Quinoa Lentil & Crispy Brussels Sprout Salad

I won’t bore you with the many health benefits of this salad.

Instead, let’s focus on the amazing fall flavors in this little delight. We’ve got protein packed quinoa & lentils, crispy Brussels sprouts, tart cranberries, crisp scallions, and toasted pecans, all tossed with lemon juice and olive oil.

It’s hearty & fresh and loaded with texture.

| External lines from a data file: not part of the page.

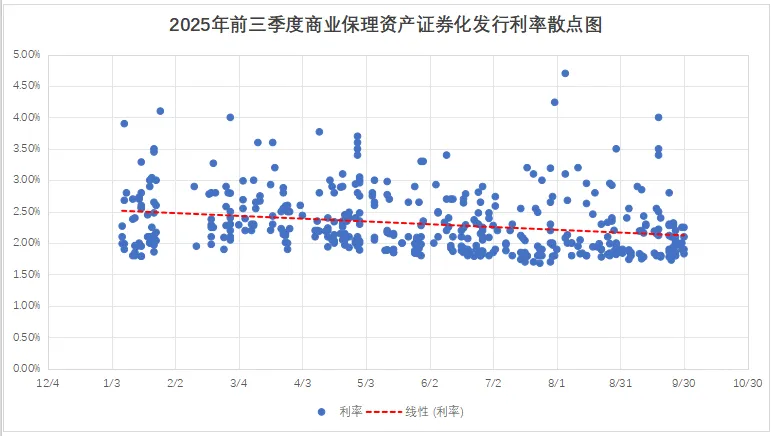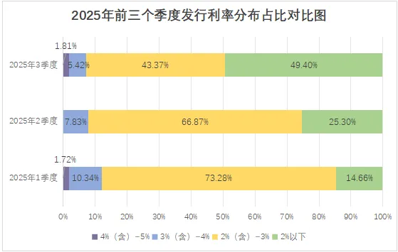 2025年前三季度的平均发行利率为2.3%,较2024年平均发行利率2.5%下降20个基点,整体发行利率呈下降趋势。
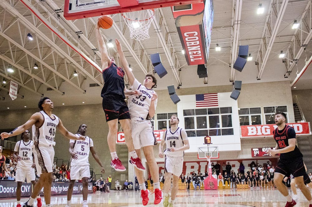 B brown vs cornell 2 rosey limmer.jpg Jake Fiegen '26 jumps to dunk as multiple defenders surround him.
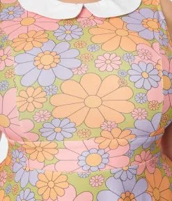 Smak Parlour Avocado Green & Multicolor Daisy Fit & Flare Dress
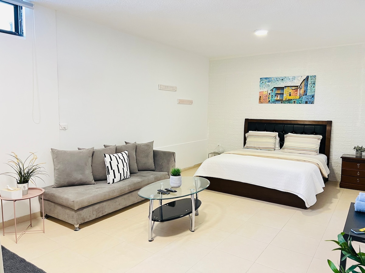 "El lugar más dulce de Ono" es un departamento romántico a estrenar, ubicado en el tranquilo suburbio de Tel Aviv, entre el aeropuerto Ben Gurion y Tel Aviv, a 5 minutos de las autopistas. Cerca del transporte público. Cerca de la Universidad Sheba y Bar Ilan. El apartamento tiene entrada privada y está totalmente amueblado y equipado. Incluye WIFI , aire acondicionado, televisión , mucha privacidad y mucho más para que disfrutes de una estancia encantadora. Cerca de un centro comercial, parque y muchas cafeterías. Estacionamiento gratuito en las instalaciones. Incluye escaleras.
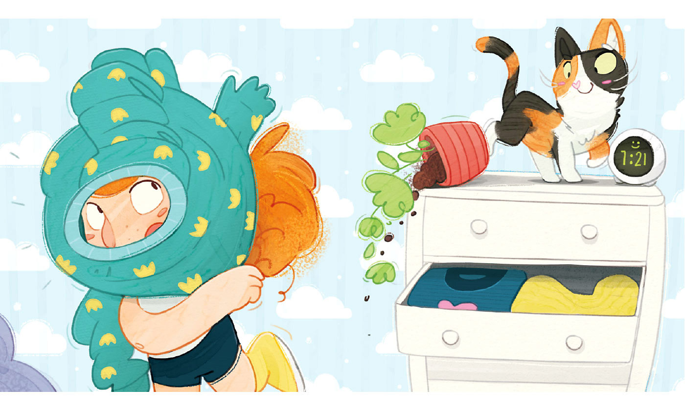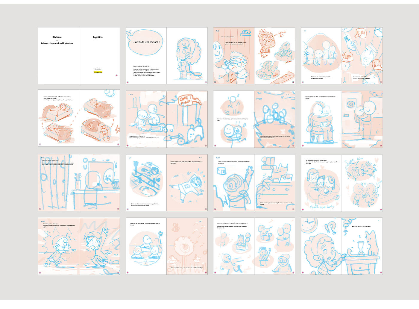From this point onward, it’s a process of gradual refinement. I take each spread, enlarge it, and start working on character poses, environments, and details. Once all the spreads are at the same level, I submit a round of “detailed sketches” to my editor for approval.
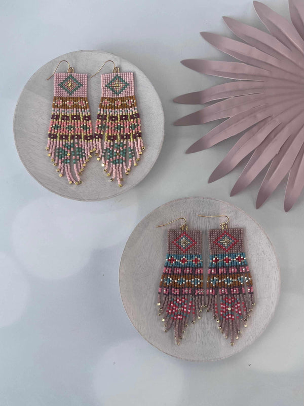 Beaded Handwoven Shisha Fringe Earrings
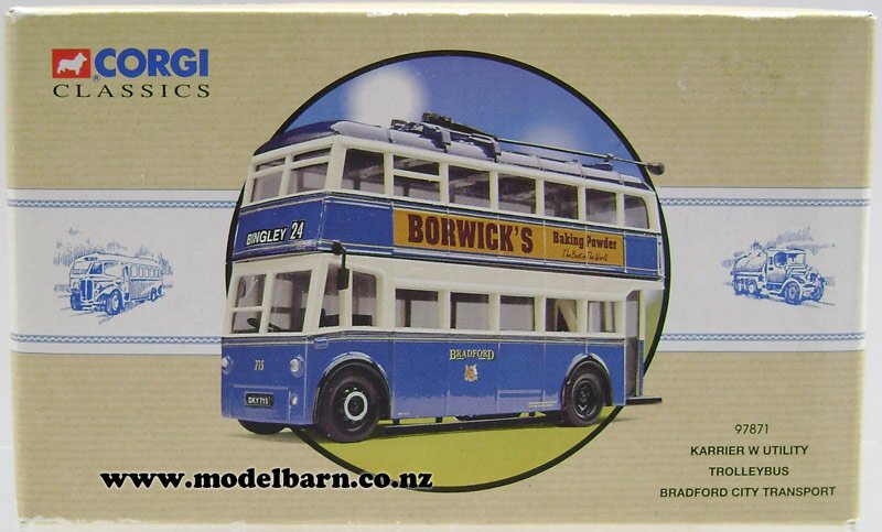 Karrier W Utility Trolleybus. Made by Corgi in 1994 as part of their "Classic Public Transport" series. Decorated in "Bradford City Transport" livery & features right-hand drive, good detail. This is a used item in very good condition but may have small imperfections. Its box is in good condition but has marks & creases. Only 6500 have been made of this limited edition. Only 1 available. Comes with collector's certificate. This trolleybus is 157mm long, 48mm wide & 95mm high.This item is not suitable for children under 8.

Feel free to use this recipe as a template and tweak it to suit your taste or use whatever you happen to have in your fridge. I’m a die-hard Brussels sprouts fan, but you could easily substitute roasted broccoli or whatever green veggie you’re loving at the moment. Walnuts, almonds or pumpkin seeds could easily be substituted for the pecans and dried cherries would be a delicious alternative to dried cranberries.

You get where I’m going with this…

Quinoa Lentil & Crispy Brussels Sprout Salad

1 cup dried lentils, any color
1 cup dried quinoa, rinsed
4 1/2 cups vegetable broth, divided
1 tsp. curry powder
16 oz. Brussels sprouts
1/2 cup chopped scallions
3 Tbsp. olive oil, divided
1/2 lemon, juiced
1/3 cup chopped toasted pecans
1/3 cup dried cranberries
Salt and pepper

Preheat the oven to 400 degrees F. Place the quinoa in a medium stockpot with 1 1/2 cups of vegetable broth. Bring to a boil, then cover and reduce the heat to medium-low. Cook for 12-15 minutes until the quinoa is fluffy. Place lentils in a medium stockpot with 3 cups of vegetable broth and 1 tsp. curry powder. Cook for 20-25 minutes or until lentils are tender. When done, drain the lentils.

Meanwhile, cut the brussels sprouts in half and slice thin. Place them on a rimmed baking sheet and drizzle with 1 tbsp. olive oil. Toss to coat then spread them out thin and salt and pepper. Bake for 20-25 minutes, until crispy.

To make the dressing: whisk together the remaining 2 tbsp. olive oil and lemon juice.

Fluff the quinoa and lentils and place in a large bowl. Add the crispy Brussels sprouts, chopped scallions, pecans and dried cranberries. Toss and salt and pepper to taste. Serve immediately.